DIRECTIONS FOR THIS TASK: Your answer should be an exact copy of the lines from the one holding "2024年7月3日上午,湖北" to the end of the material below, pictures left out.

SUPPLIED MATERIAL:
+-------+

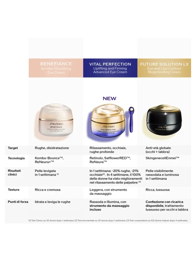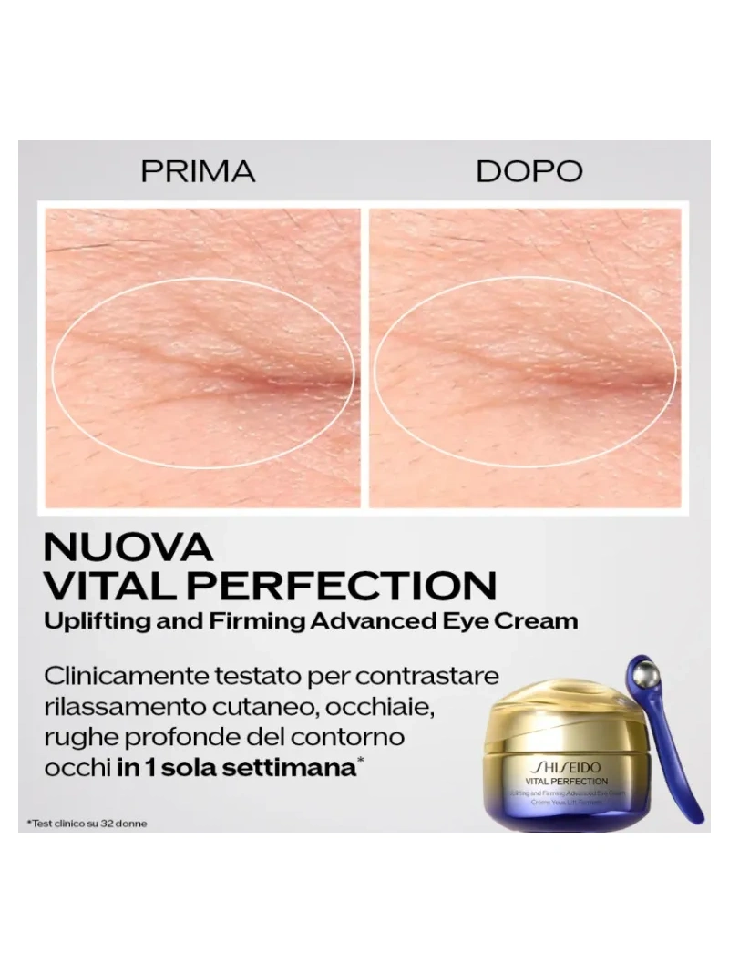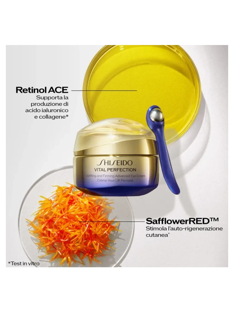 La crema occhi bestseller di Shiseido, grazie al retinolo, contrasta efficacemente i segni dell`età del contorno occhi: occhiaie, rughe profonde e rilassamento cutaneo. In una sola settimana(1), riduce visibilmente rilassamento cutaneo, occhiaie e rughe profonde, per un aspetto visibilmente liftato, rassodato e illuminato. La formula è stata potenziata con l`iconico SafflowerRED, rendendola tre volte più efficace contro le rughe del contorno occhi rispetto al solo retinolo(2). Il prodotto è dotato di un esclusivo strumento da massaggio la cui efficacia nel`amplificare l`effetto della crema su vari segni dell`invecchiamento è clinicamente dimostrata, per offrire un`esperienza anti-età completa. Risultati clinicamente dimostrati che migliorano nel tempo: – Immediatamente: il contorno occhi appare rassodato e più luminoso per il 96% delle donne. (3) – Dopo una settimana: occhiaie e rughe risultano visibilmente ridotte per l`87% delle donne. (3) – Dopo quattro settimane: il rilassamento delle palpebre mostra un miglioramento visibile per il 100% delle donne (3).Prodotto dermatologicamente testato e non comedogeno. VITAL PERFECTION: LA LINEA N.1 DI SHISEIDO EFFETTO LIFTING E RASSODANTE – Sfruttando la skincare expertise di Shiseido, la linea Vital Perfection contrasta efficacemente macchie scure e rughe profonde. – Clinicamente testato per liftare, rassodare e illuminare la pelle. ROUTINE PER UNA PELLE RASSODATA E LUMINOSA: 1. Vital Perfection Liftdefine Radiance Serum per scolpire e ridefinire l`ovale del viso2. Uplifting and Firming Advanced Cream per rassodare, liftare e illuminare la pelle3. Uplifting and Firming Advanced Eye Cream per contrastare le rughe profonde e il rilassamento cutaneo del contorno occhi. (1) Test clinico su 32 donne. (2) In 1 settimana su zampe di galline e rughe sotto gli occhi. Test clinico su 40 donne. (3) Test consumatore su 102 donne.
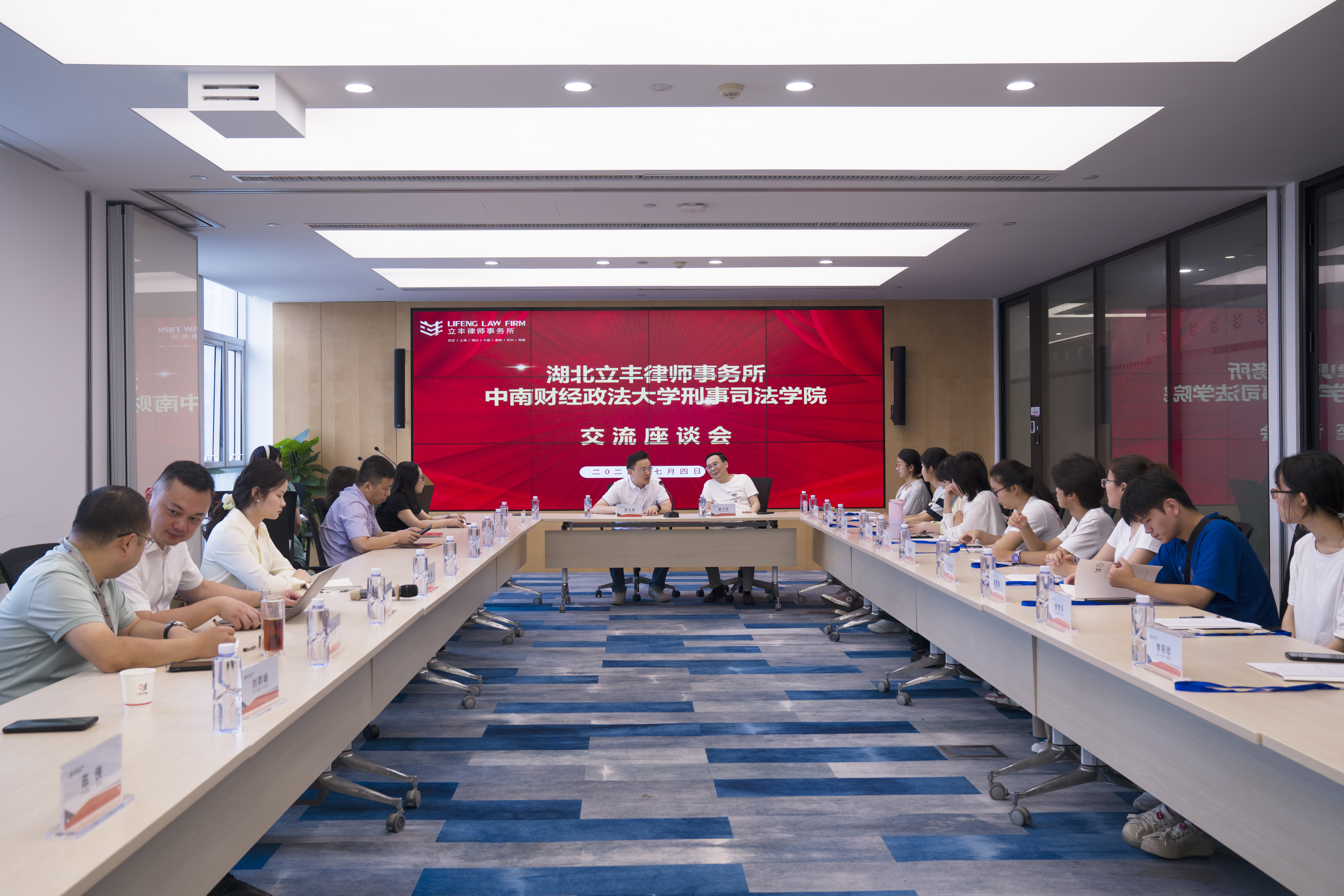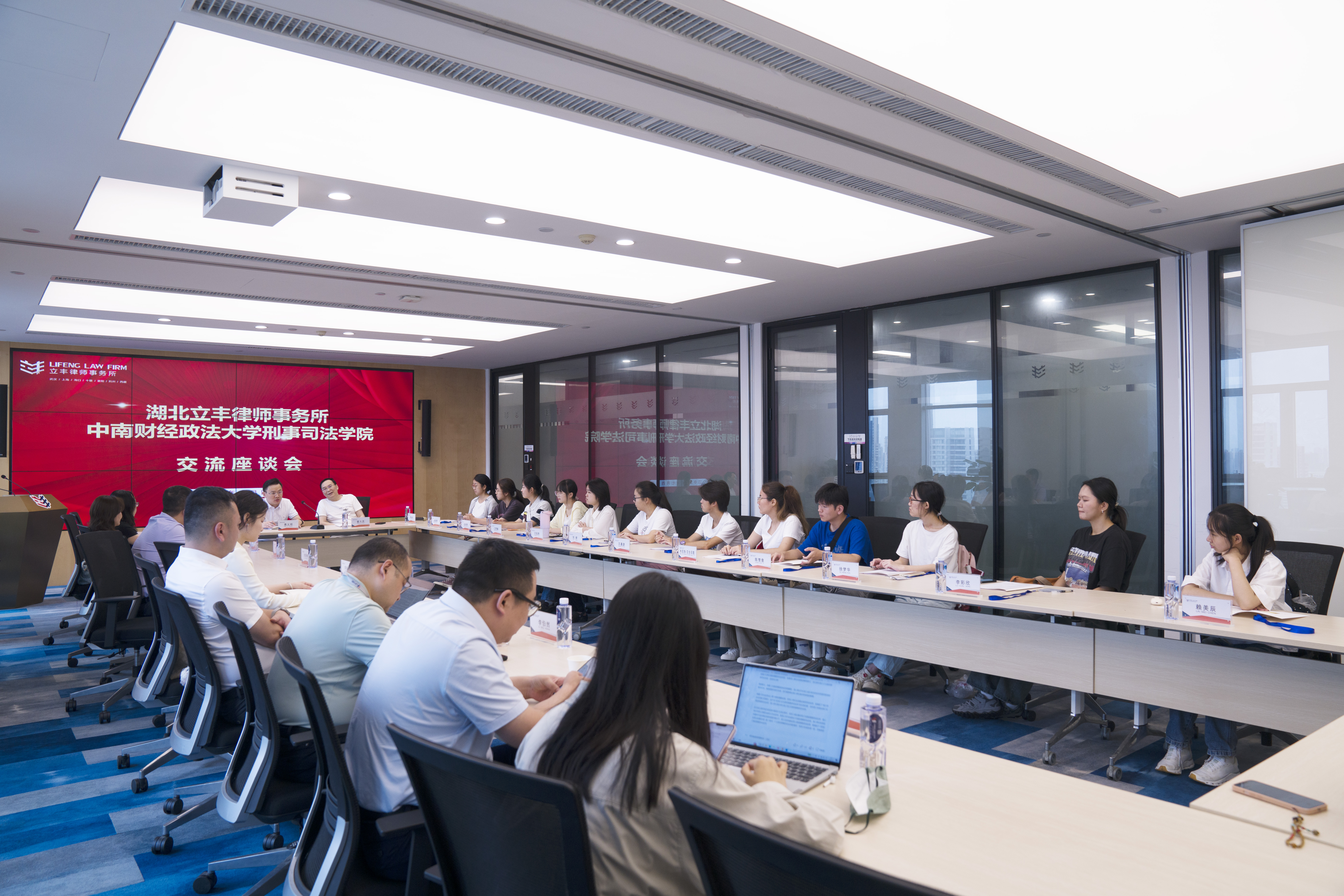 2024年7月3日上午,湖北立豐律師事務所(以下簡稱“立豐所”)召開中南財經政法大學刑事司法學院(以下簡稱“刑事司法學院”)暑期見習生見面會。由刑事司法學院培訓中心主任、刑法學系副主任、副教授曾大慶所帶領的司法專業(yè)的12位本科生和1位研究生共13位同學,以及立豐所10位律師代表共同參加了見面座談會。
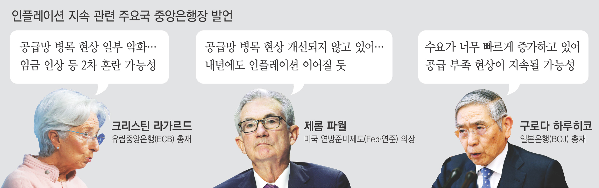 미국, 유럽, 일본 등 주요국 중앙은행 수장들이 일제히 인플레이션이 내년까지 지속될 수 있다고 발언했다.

+-------+

TASK RESULT:
 2024年7月3日上午,湖北立豐律師事務所(以下簡稱“立豐所”)召開中南財經政法大學刑事司法學院(以下簡稱“刑事司法學院”)暑期見習生見面會。由刑事司法學院培訓中心主任、刑法學系副主任、副教授曾大慶所帶領的司法專業(yè)的12位本科生和1位研究生共13位同學,以及立豐所10位律師代表共同參加了見面座談會。
 미국, 유럽, 일본 등 주요국 중앙은행 수장들이 일제히 인플레이션이 내년까지 지속될 수 있다고 발언했다.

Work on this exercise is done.